***** PROVIDED RECORDS
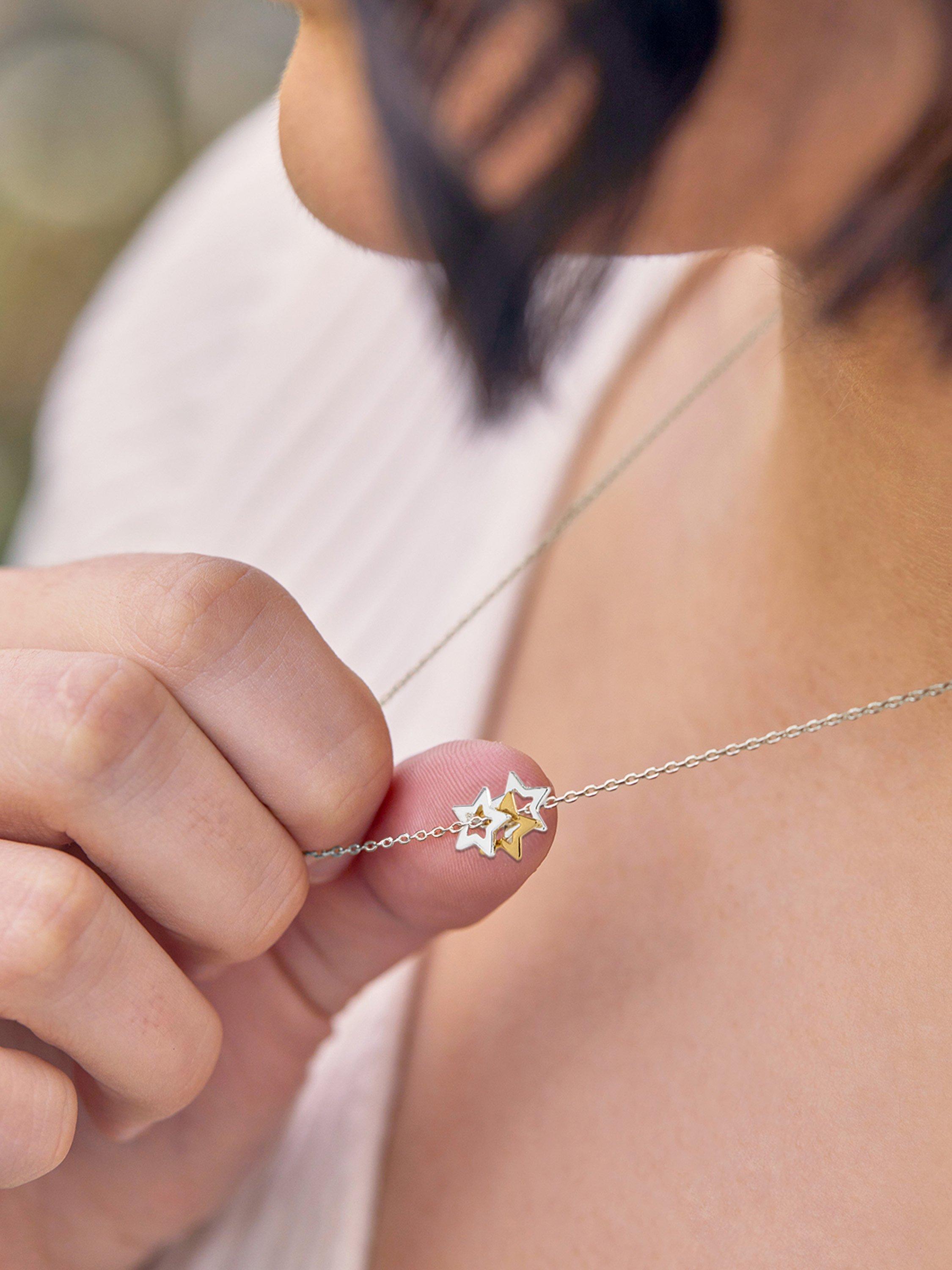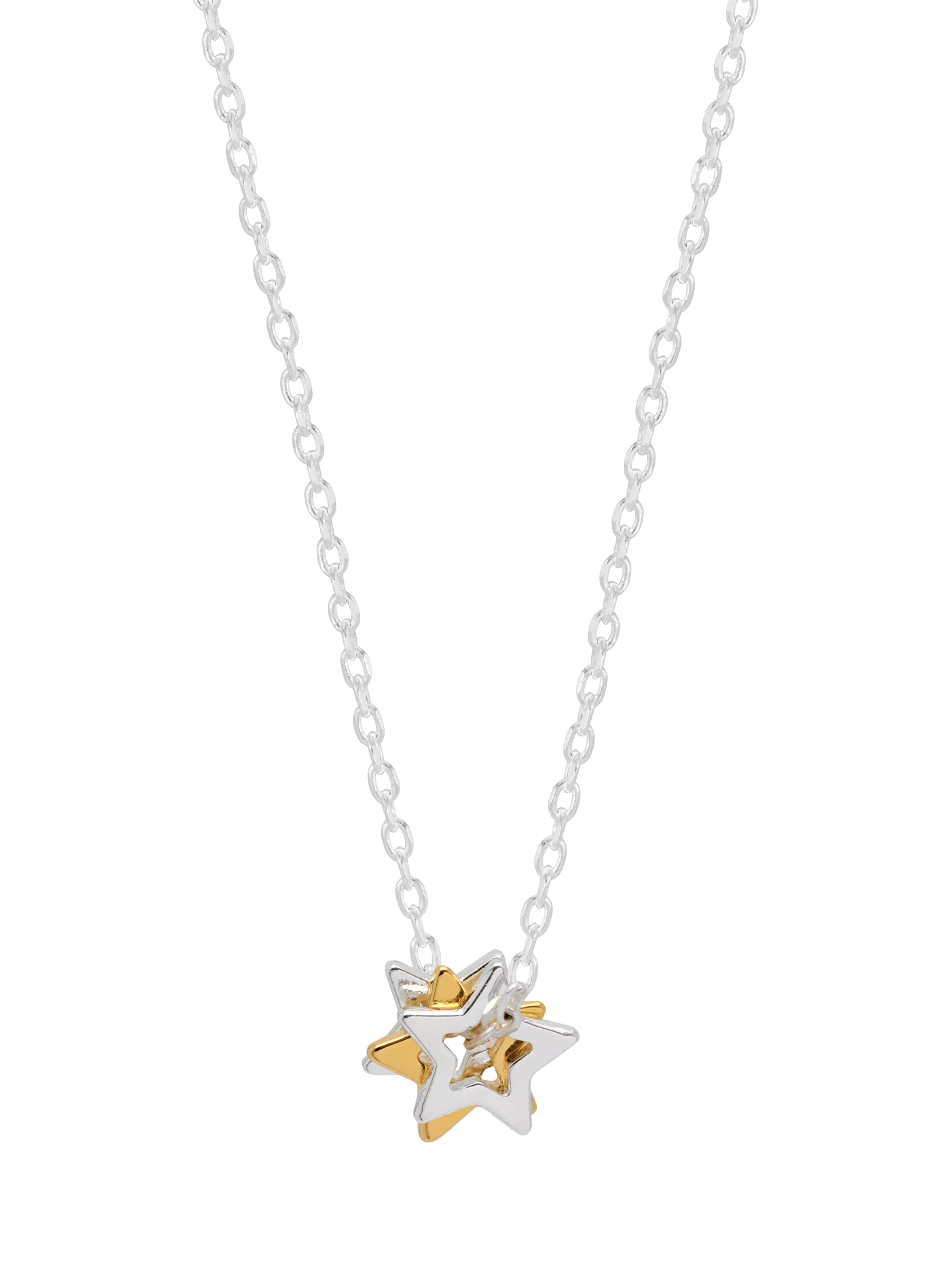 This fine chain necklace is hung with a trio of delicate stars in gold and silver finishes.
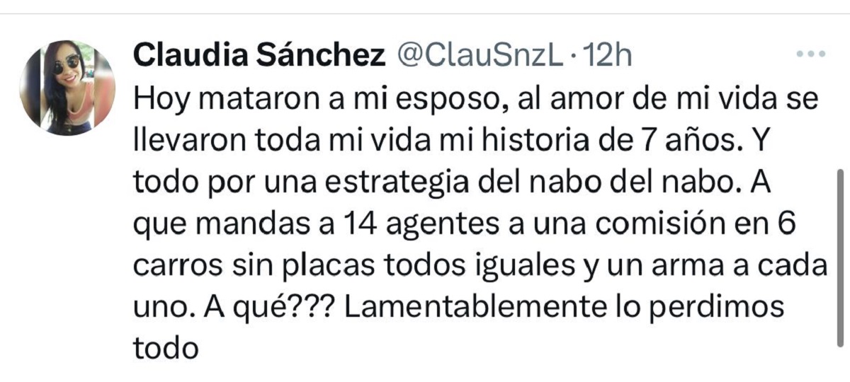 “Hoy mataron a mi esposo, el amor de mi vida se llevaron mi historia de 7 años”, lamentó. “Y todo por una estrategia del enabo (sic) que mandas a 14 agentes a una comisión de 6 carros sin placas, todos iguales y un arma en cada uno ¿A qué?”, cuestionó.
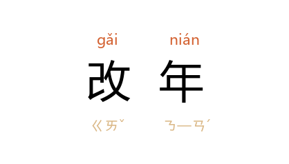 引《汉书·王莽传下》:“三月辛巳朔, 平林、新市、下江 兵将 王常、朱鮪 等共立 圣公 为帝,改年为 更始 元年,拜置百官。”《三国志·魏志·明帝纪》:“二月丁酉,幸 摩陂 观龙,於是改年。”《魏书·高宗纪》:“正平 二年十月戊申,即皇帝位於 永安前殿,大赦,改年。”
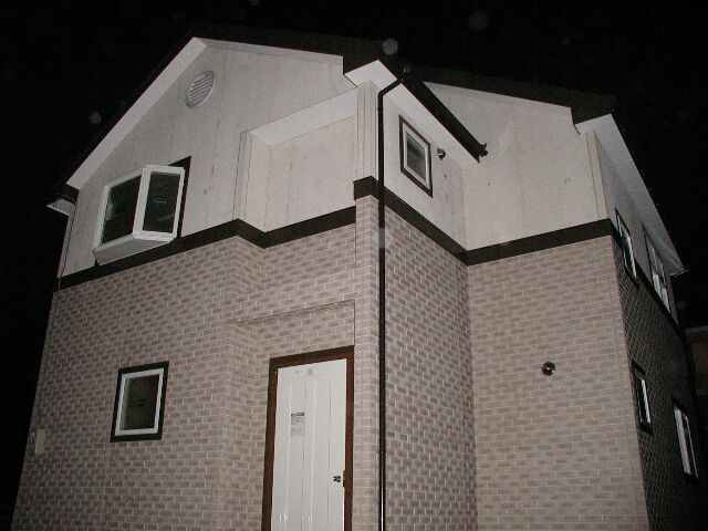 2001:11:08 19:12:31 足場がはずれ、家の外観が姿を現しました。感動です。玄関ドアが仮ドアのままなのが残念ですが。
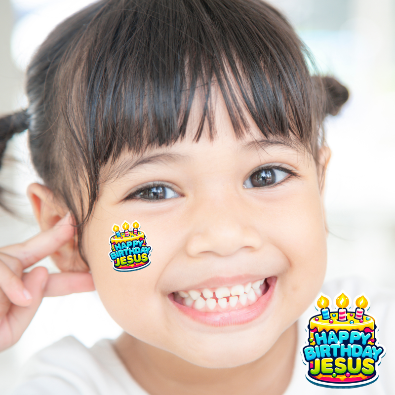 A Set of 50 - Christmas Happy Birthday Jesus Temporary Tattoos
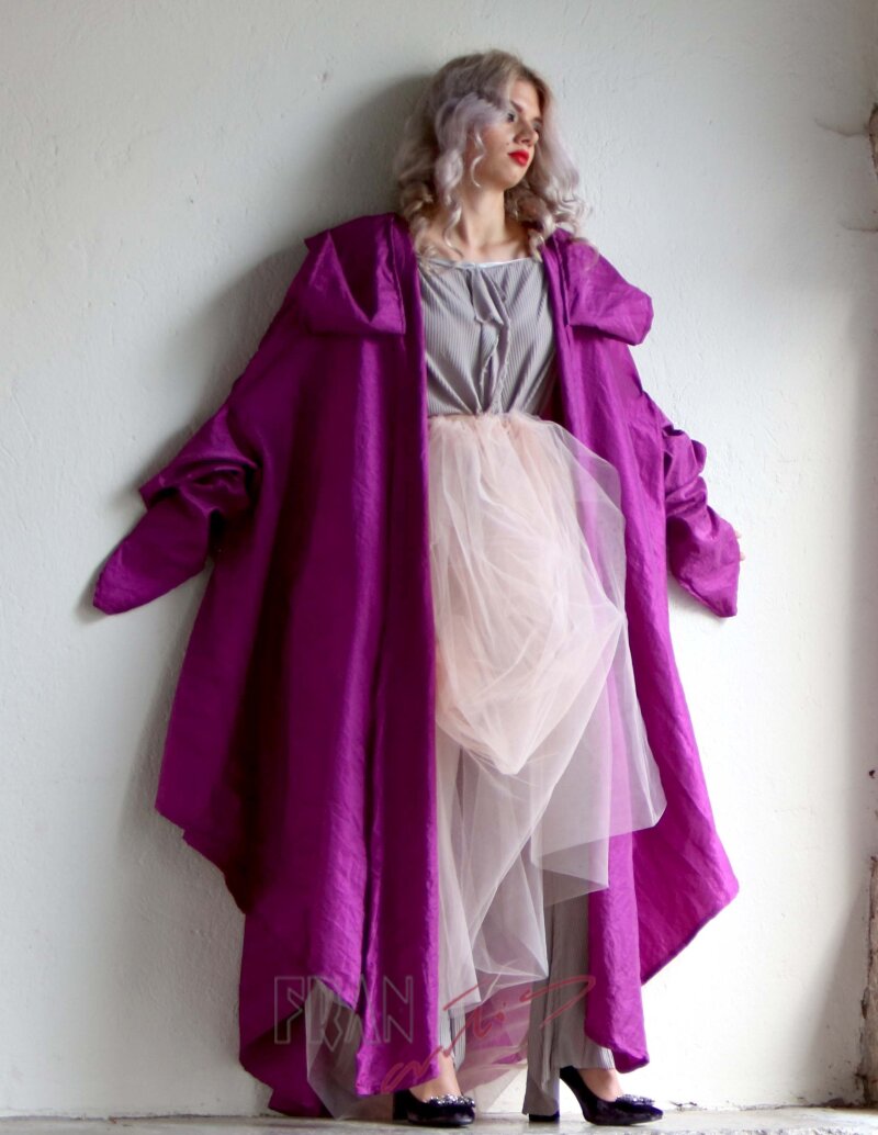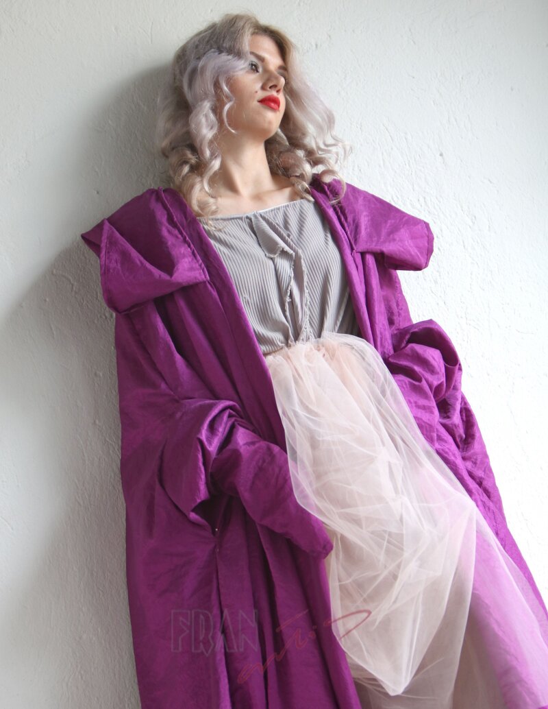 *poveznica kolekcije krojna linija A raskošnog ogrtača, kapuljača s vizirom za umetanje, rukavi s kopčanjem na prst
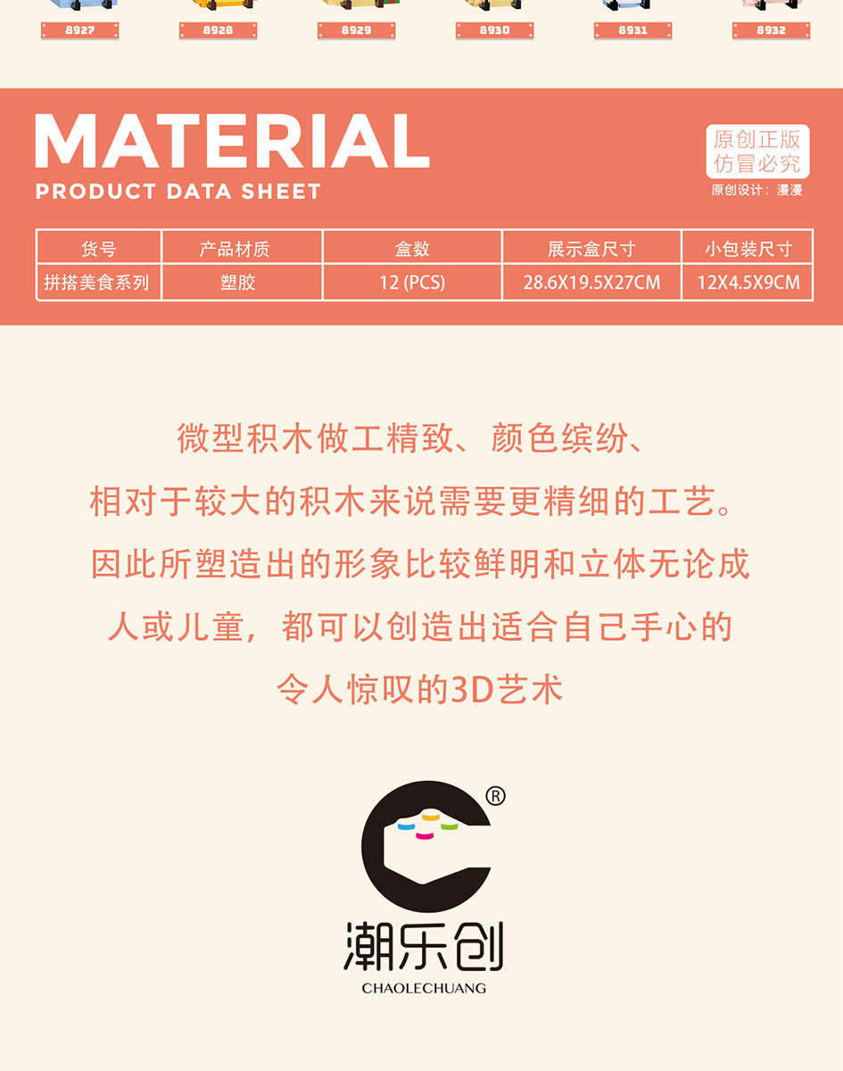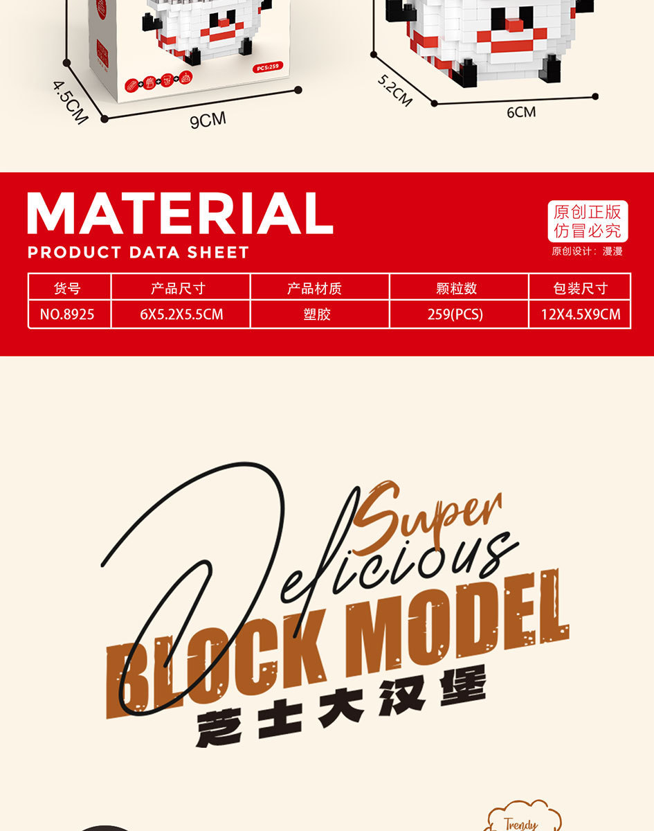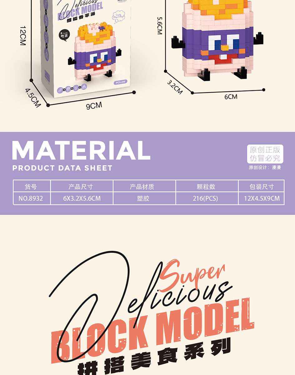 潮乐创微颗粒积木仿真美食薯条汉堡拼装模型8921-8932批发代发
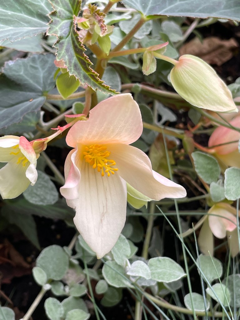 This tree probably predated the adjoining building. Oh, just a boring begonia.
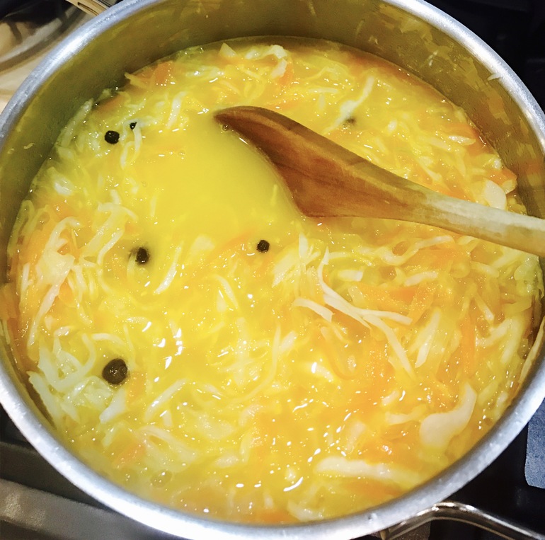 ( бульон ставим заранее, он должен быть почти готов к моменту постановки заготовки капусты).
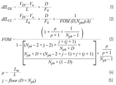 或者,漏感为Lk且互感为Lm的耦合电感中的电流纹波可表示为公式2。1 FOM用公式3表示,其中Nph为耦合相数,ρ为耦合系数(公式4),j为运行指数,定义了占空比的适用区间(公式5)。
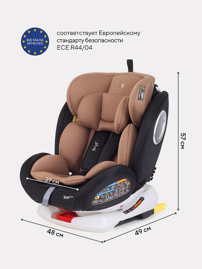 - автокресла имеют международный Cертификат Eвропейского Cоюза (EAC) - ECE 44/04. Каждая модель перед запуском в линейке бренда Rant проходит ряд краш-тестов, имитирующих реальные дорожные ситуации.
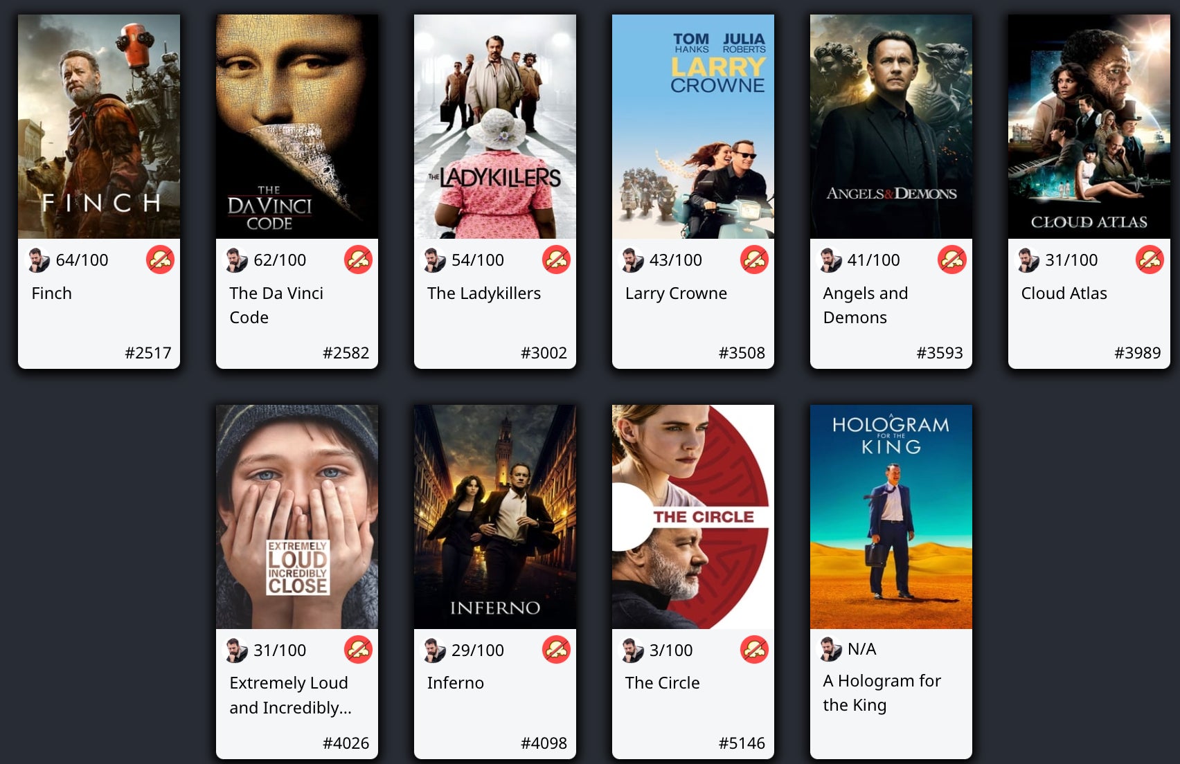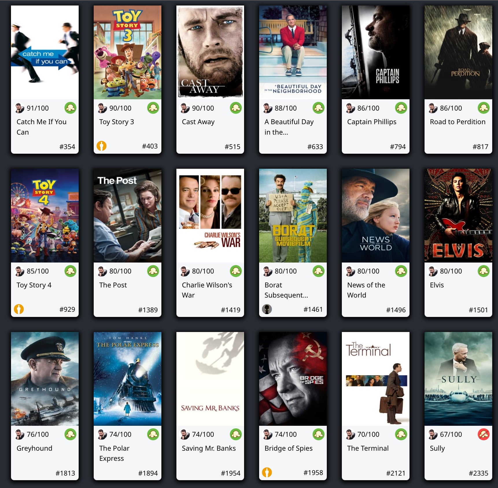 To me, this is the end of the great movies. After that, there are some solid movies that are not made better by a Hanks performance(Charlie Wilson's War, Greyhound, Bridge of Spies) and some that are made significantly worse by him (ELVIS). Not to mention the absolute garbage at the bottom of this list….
**********
* REQUIRED WORK *
Please retype all the entries word for word, omitting the pictures.

* ANSWER BELOW *
 This fine chain necklace is hung with a trio of delicate stars in gold and silver finishes.
 “Hoy mataron a mi esposo, el amor de mi vida se llevaron mi historia de 7 años”, lamentó. “Y todo por una estrategia del enabo (sic) que mandas a 14 agentes a una comisión de 6 carros sin placas, todos iguales y un arma en cada uno ¿A qué?”, cuestionó.
 引《汉书·王莽传下》:“三月辛巳朔, 平林、新市、下江 兵将 王常、朱鮪 等共立 圣公 为帝,改年为 更始 元年,拜置百官。”《三国志·魏志·明帝纪》:“二月丁酉,幸 摩陂 观龙,於是改年。”《魏书·高宗纪》:“正平 二年十月戊申,即皇帝位於 永安前殿,大赦,改年。”
 2001:11:08 19:12:31 足場がはずれ、家の外観が姿を現しました。感動です。玄関ドアが仮ドアのままなのが残念ですが。
 A Set of 50 - Christmas Happy Birthday Jesus Temporary Tattoos
 *poveznica kolekcije krojna linija A raskošnog ogrtača, kapuljača s vizirom za umetanje, rukavi s kopčanjem na prst
 潮乐创微颗粒积木仿真美食薯条汉堡拼装模型8921-8932批发代发
 This tree probably predated the adjoining building. Oh, just a boring begonia.
 ( бульон ставим заранее, он должен быть почти готов к моменту постановки заготовки капусты).
 或者,漏感为Lk且互感为Lm的耦合电感中的电流纹波可表示为公式2。1 FOM用公式3表示,其中Nph为耦合相数,ρ为耦合系数(公式4),j为运行指数,定义了占空比的适用区间(公式5)。
 - автокресла имеют международный Cертификат Eвропейского Cоюза (EAC) - ECE 44/04. Каждая модель перед запуском в линейке бренда Rant проходит ряд краш-тестов, имитирующих реальные дорожные ситуации.
 To me, this is the end of the great movies. After that, there are some solid movies that are not made better by a Hanks performance(Charlie Wilson's War, Greyhound, Bridge of Spies) and some that are made significantly worse by him (ELVIS). Not to mention the absolute garbage at the bottom of this list….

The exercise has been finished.